C.F.E.B. Sisley
- Traded as: Simplified joint stock company
- ISIN: 722-003-464
- Industry: manufacture of perfumes and toiletries
- Founded: 1972, 1976 (takeover)
- Founder: Roland de Saint-Vincent, Jean-François Laporte, Hubert d'Ornano
- Headquarters: Avenue de Friedland, Paris, France
- Website: https://www.sisley-paris.com/fr-FR/

= Sisley (company) =

French luxury cosmetics company

CFEB Sisley, better known as Sisley Paris, is an independent French luxury cosmetic, skin care, hair care, and perfume company.

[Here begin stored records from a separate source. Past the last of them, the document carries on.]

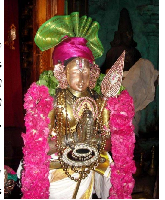
திருமங்கையாழ்வார் - திருவாலி (ருன்றி); ராமாநுஜ தாசர்கள்/ pbase.com)

( 4 ) திருத்தேவனார் தொகை (கீழைச்சாலை மாதவப் பெருமாள் கோயில்): ஸ்ரீ
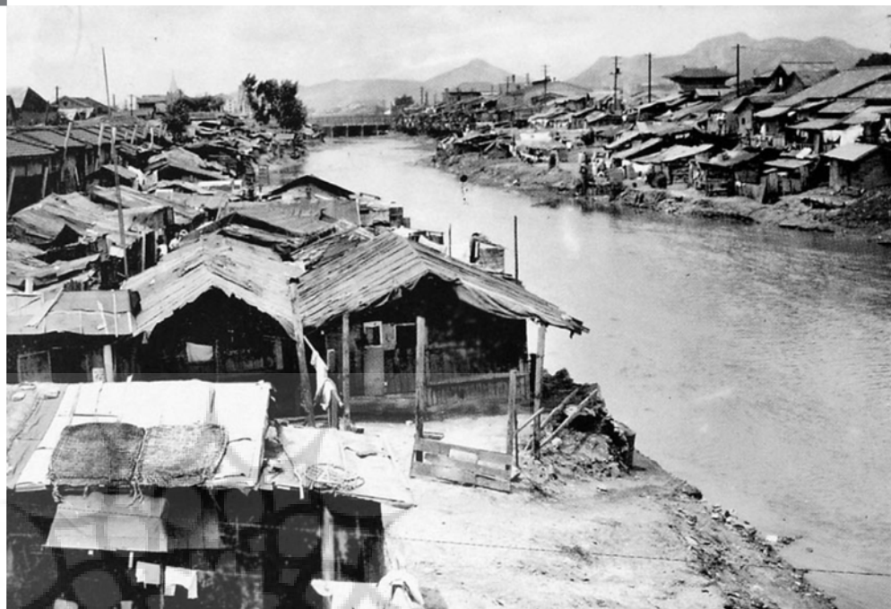
تصویر ۱۲: تصویر قدیمی رودخانه شهر سنول، عکس: مارتین بوشیه، ۱۳۹۳.

Currently, the highway is destroyed and the river is uncovered. Today, the edge of the rivers that forms an urban public space has become the venue for national ceremonies and ritual carnivals. The water is not stagnant all over its way and roaring features and waterfalls are appeared as well. Therefore, various spaces have been created by using water. Vehicles are not the main focus anymore. Pedestrians and the joy of life in the center of the city is the chief goal. Pedestrians can pass through water in some areas. The River has turned into a place for playing and having fun. Indigenous plants are used in the planting patterns. Architectural and aesthetic elements are familiar and rational to the people of Korea. Moreover, the remnant of previous bridge is kept for the continuation of history to as a reminder element in landscape. There is a canal that perhaps in other cultures do not seem. However, a curved river it is quite dominant in culture, literature, poetry and traditional Korean gardens. Martine Bouchier also added that the project was carried out over three years and is unique in its kind (Pic14 &15).
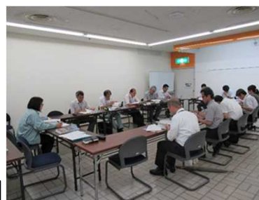
彦根市歴史まちづくり庁内推進会議 R元.7

歴史まちづくりの推進を図るため、令和2年度に文化財保護行政と都市計画および景観行政の組織をまとめ、歴史まちづくり部を新たに組織した。なお、庁内の関係部署が各種施策の調整を行うため、歴史まちづくり庁内推進会議を設置し、歴史まちづくり事業推進を図っている。
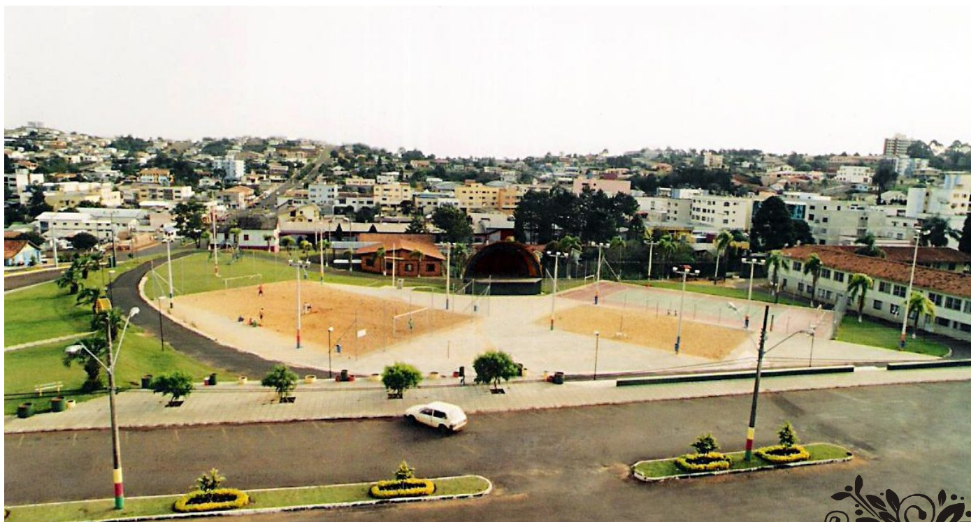
Praça da Liberdade, inaugurada em dezembro de 2000

A lei nº 1.182, de 02 de junho de 1999, denominou de “Ginásio de Esportes Margarida Rovaris” ao espaço esportivo da comunidade de Três Voltas, em homenagem à cidadã pioneira da localidade. Já a lei nº 1.288, de 19 de dezembro de 2000, de iniciativa do prefeito, nominou “Praça da Liberdade”, o espaço de lazer recém construído entre as ruas Duque de Caxias e Dom Pedro II.
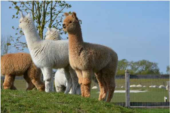
Alpaca Photo 3
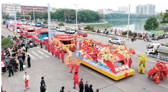
首届玉林市“佼佼街”迎春花事“龙游醉城”花车巡游。

千年文脉,是厚重过往,亦是崭新序章。 2023年以来,玉林市坚持守正创新,实施文化塑城工程,深入挖掘积淀千年的城市文化矿藏,提炼凝聚广布民间的传统文化精髓,打造独具玉林特色的新时代文化品牌,以文化的赓续焕新推动全市思想解放、改革创新,为拼搏铸魂,为前行淬火,为高质量发展注入源头活水。
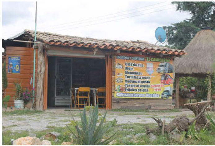
Foto: Comedor y cafetería

Dentro del municipio no se tienen registros de restaurantes, pero hay un comedor – cafetería a orilla de carretera llamado “El camionero”.

The firm develops products based on active ingredients derived from plants for different skin types and different uses: moisturizing, anti-aging, sun care and makeup.

==History==
In 1972 perfumer Jean-François Laporte and Roland de Saint-Vincent, created a perfume company. Hubert d'Ornano acquired this company in 1976, re-naming it Sisley in reference to the Impressionist painter.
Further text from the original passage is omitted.